Brain structure and dynamics across scales: In search of rules

Xiao-Jing Wang 1,2, Henry Kennedy 3,4
PMCID: PMC5029120  NIHMSID: NIHMS750108  PMID: 26868043

Abstract

Louis Henry Sullivan, the father of skyscrapers, famously stated “Form ever follows function”. In this short review, we will focus on the relationship between form (structure) and function (dynamics) in the brain. We summarize recent advances on the quantification of directed- and weighted-mesoscopic connectivity of mammalian cortex, the exponential distance rule for mesoscopic and microscopic circuit wiring, a spatially-embedded random model of inter-areal cortical networks, and a large-scale dynamical circuit model of money’s cortex that gives rise to a hierarchy of timescales. These findings demonstrate that inter-areal cortical networks are dense (hence such concepts as “small-world” need to be refined when applied to the brain), spatially dependent (therefore purely topological approach of graph theory has limited applicability) and heterogeneous (consequently cortical areas cannot be treated as identical “nodes”).

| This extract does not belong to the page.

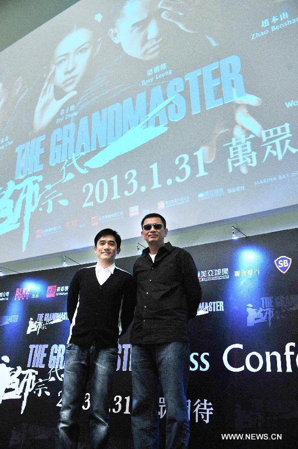 Film director Wang Kar-wai (R) and actor Tony Leung attend the press conference of the film "The Grandmaster" at Marina Bay Sands' ArtScience Museum in Singapore, Jan. 23, 2013. (Xinhua/Then Chih Wey)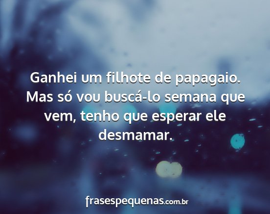 Ganhei um filhote de papagaio. Mas só vou buscá-lo semana que vem, tenho que esperar ele desmamar.

Keywords: mesoscopic inter-areal connectivity, exponential distance rule, hierarchy of temporal response fields

Introduction

Recent years have witnessed a sea-change in our knowledge of the microscopic local cortical circuits and mesoscopic long-distance connectivity between cortical areas. We recently published a series of papers reporting a new dataset of quantitative- and weighted- inter-areal connectivity in the macaque monkey cortex [1••, 2, 3••]. Moreover, two separate teams reported datasets on the mouse whole-brain connectome [4••, 5••]. The findings revealed that the inter-areal connectivity at the mesoscopic level are dense (more than 50% of all possible connections are present) and dependent on spatial distances between cortical areas. These findings have highlighted limitations of theoretical analysis of brain circuits in terms of purely topological networks with sparse connectivity, and have led to the proposal of an alternative class of spatially embedded random networks which could be more fruitful in Neuroscience [6••, 7]. In this review, we summarize recent advances and discuss to what extent those findings are valid across scales from micro- to mesoscopic cortical circuits, and between primate and rodent.

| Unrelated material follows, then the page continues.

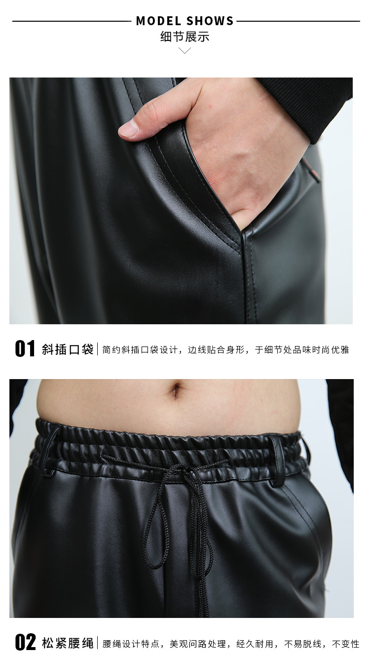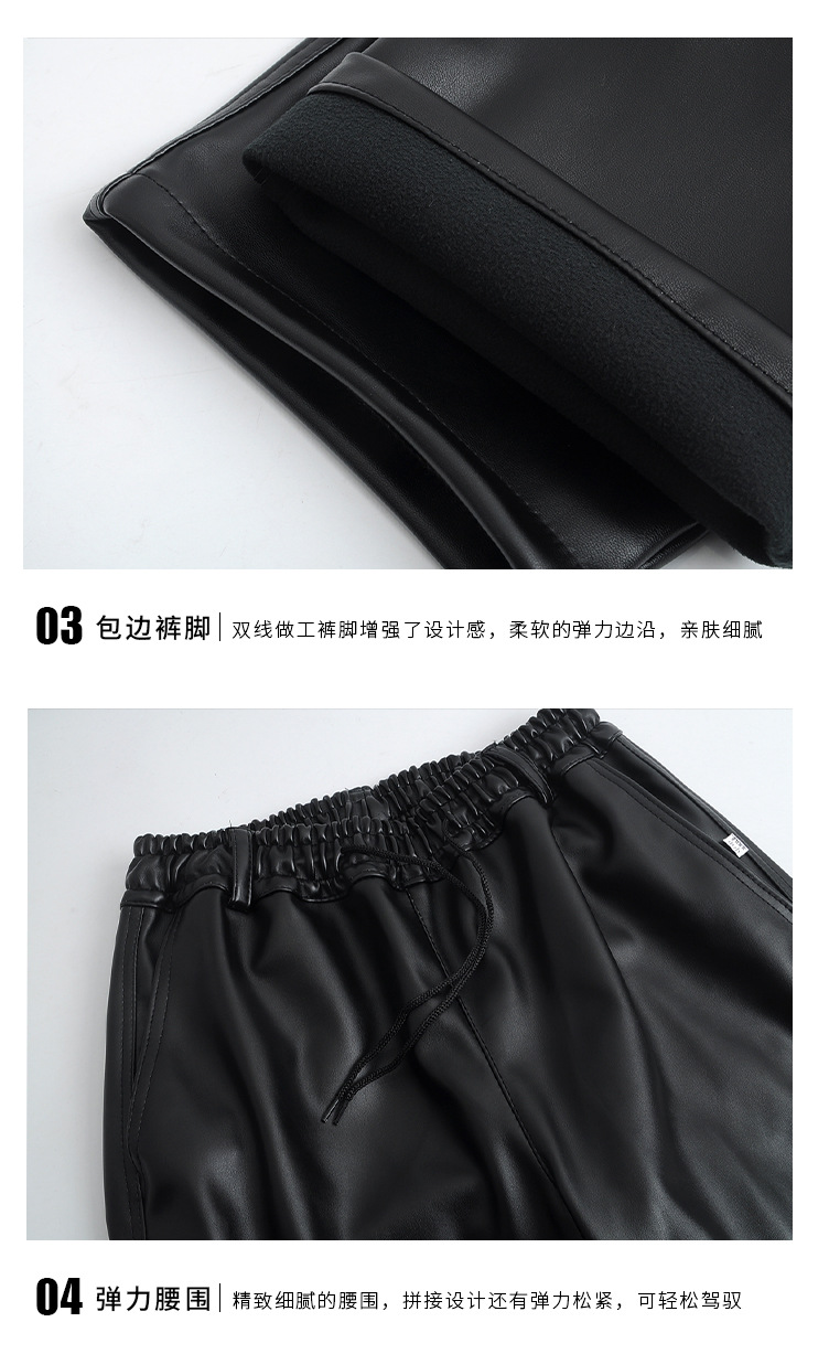 拓玛森 棉款护腰护膝款松紧腰皮裤 黑色。

Whereas structural connectivity is essential for understanding the constraints of brain function, it alone is insufficient to predict the dynamical behavior of neural circuits. Consider two identical neurons interconnected by mutually inhibition. Given this connectome, can one predict the network’s behavior? It turns out that experimentation and theory have uncovered multiple possibilities. First, both neurons may simply remain silent. Second, in response to inputs, the system may behave as a switch, causing only one neuron to be active at any one time. Third, if the neurons are endowed with a slow adaptation, each could take turns to be active leading to a “half-center” oscillator, which is the core of rhythmic central pattern generators. Finally, under certain conditions, the two neurons can be perfectly synchronized, spike by spike: the two neurons fire at the same time, leading to mutual inhibition after a brief delay, and when this inhibition has decayed they can fire again together [8]. This simple example illustrates that dynamical behavior often cannot be deduced from anatomy in a straightforward fashion; physiology and modeling are important for discovering the dynamical operations of neural circuits.

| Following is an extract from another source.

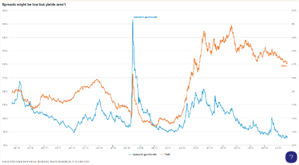 Spready nástrojů investičního stupně jsou extrémně těsné, což je znepokojivé – ale jsou těsné z určitých důvodů. Sazby jsou vysoké a poptávka po úvěrech od vysoce kvalitních emitentů je silná.

To tackle the brain-wide complex dynamics, which give rise to neuronal function and behavior, several groups have developed large-scale dynamical models [9••, 10, 11••]. In particular, combining monkey interareal connectivity with data on the areal differences in the number of spine counts per pyramidal neuron [12], a new model naturally exhibits a hierarchy of timescales [11••]. These findings exemplify a fruitful interplay between theory and experimentation in discovering general principles of how large-scale brain systems work. This progress has opened the door to tackle complex brain dynamical phenomena including neural avalanches [13] and lognormal distribution of firing rates [14••] in future research.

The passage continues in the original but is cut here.